8 and Older

"Shark Tale" (PG). Fresh-yet-salty animated fish story set in colorful coral reef where sharks rule; odd friendship between a big-talking little fish (voice of Will Smith) who pretends he's a shark slayer and a great white shark (Jack Black) scared to tell his dad (Robert De Niro) he's a vegetarian; the pals hang out at the whale wash till their secrets and lies get them in trouble; droll story's subtext will resonate for kids dealing with any different-drummer issues. Sharks bare their teeth, chase fish; one shark slams into an anchor and dies; a fish is taken hostage; whale poop joke; mild sexual innuendo; gangster sharks talk tough.

10 and Older

"First Daughter" (PG). Katie Holmes and a solid cast can't save painfully cute, wholly artificial fable about dutiful daughter of U.S. president (Michael Keaton) trying to enjoy her freshman year of college, but finding that a pop tart roommate (singer Amerie), beer, parties and a cute guy (Marc Blucas) land her in the tabloids. Considerable mild sexual innuendo for a PG -- references to getting "a little action"; drunkenness; emergency moves by Secret Service could startle under-10s.

PG-13s

"Ladder 49." Joaquin Phoenix in fine turn as Baltimore firefighter, recalling his career while trapped in a burning grain elevator; his superior (John Travolta, rather miscast) leads rescue effort in simple, focused drama about why firefighters love what they do and why their families worry -- effective despite its conventionality. Fires, explosions, collapses feel real and scary; burned firefighter with skin grafts on his face; civilians, including children, shown in danger; occasional profanity; sexual innuendo; a homophobic joke; drinking, smoking. Teenagers.

R's and Limited Releases

"I {heart} Huckabees." Weird, wonderful, sometimes overextended philosophical farce by David O. Russell details disappointments of modern life, from personal angst to red state/blue state fault lines, in tale of Albert (Jason Schwartzman), a dorky environmental activist who hires eccentric existential detectives (Dustin Hoffman, Lily Tomlin) to trace source of his malaise; trail leads to Huckabees, a retail store Albert accuses of environmental sins, Jude Law as its slick exec, Naomi Watts as his spokesmodel-girlfriend; Mark Wahlberg as firefighter who joins Albert's quest. Strong profanity; explicit, clothed sexual situation; other sexual innuendo. Philosophical high schoolers 16 and up.

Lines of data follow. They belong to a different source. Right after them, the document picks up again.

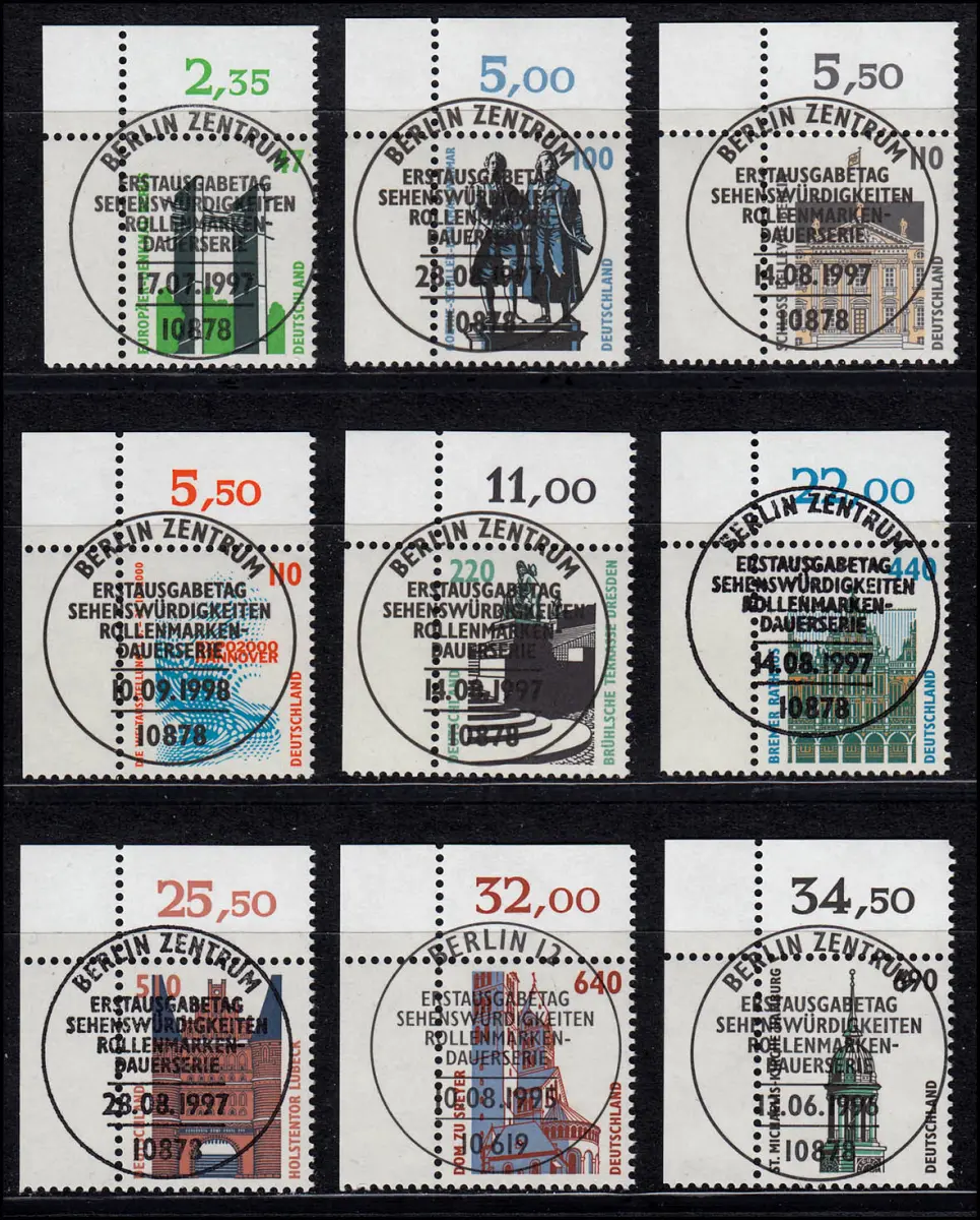1811 ff SWK 9 DM-Werte aus 10er-Bogen kpl. Ecken oben links, Satz ESST Berlin
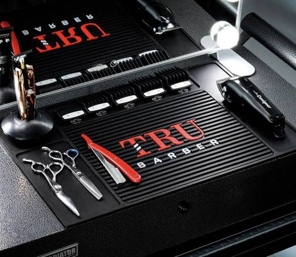 • keeps barbering tools organized and secure while protecting both countertops and workstations.
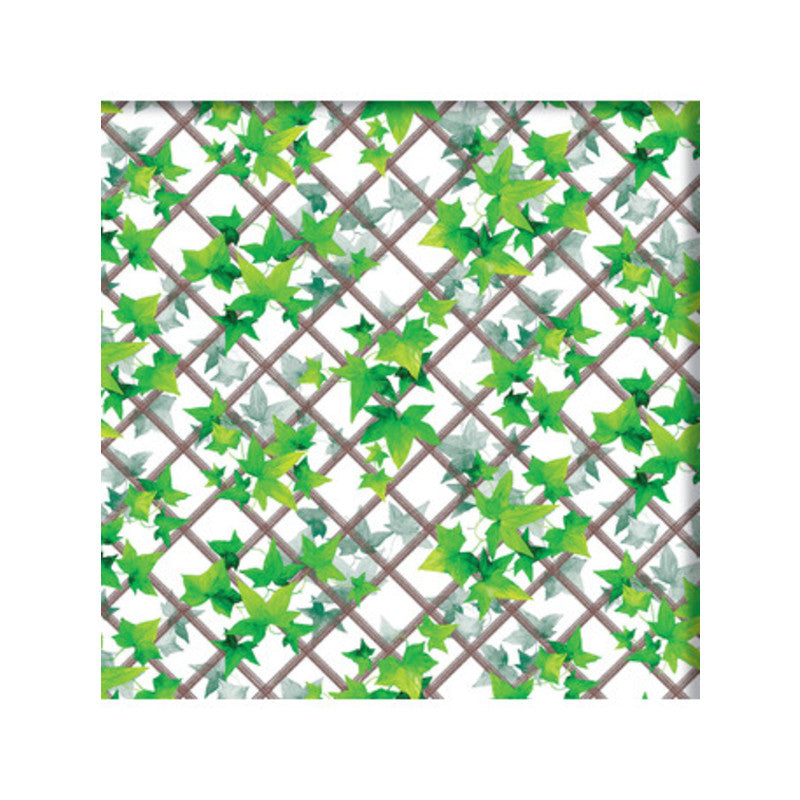 PVC stampato accoppiato a tessuto di polipropilene. Altezza 140 cm. Fantasia edera verde. Rotolo da 20 m.

"Woman Thou Art Loosed." Absorbing, though preachy parable of young woman's redemption, buoyed by Kimberly Elise's searing performance as former drug user/prostitute, in prison for murder; evangelist, Bishop T.D. Jakes (as himself -- his book and play inspired the film) counsels her; flashbacks show childhood memories of molestation by her mother's (Loretta Devine) boyfriend (Clifton Powell). Strongly implied (but not shown) rape of child by a man; a bloody dress as evidence; gun death; other mild sexual innuendo; drug use. High schoolers.

"Shaun of the Dead." Funny British comedy spoofs zombie flicks and young men who lay about, zombielike, playing video games and glugging beer; flatmates Shaun (Simon Pegg) and Ed (Nick Frost) gradually realize their neighbors have become zombies; with a few loved ones, they try to get to the pub, unbitten. Hordes of undead gorging on human flesh; bloody violence; profanity; sexual innuendo; marijuana jokes; smoking, drinking; toilet humor. 17 and older.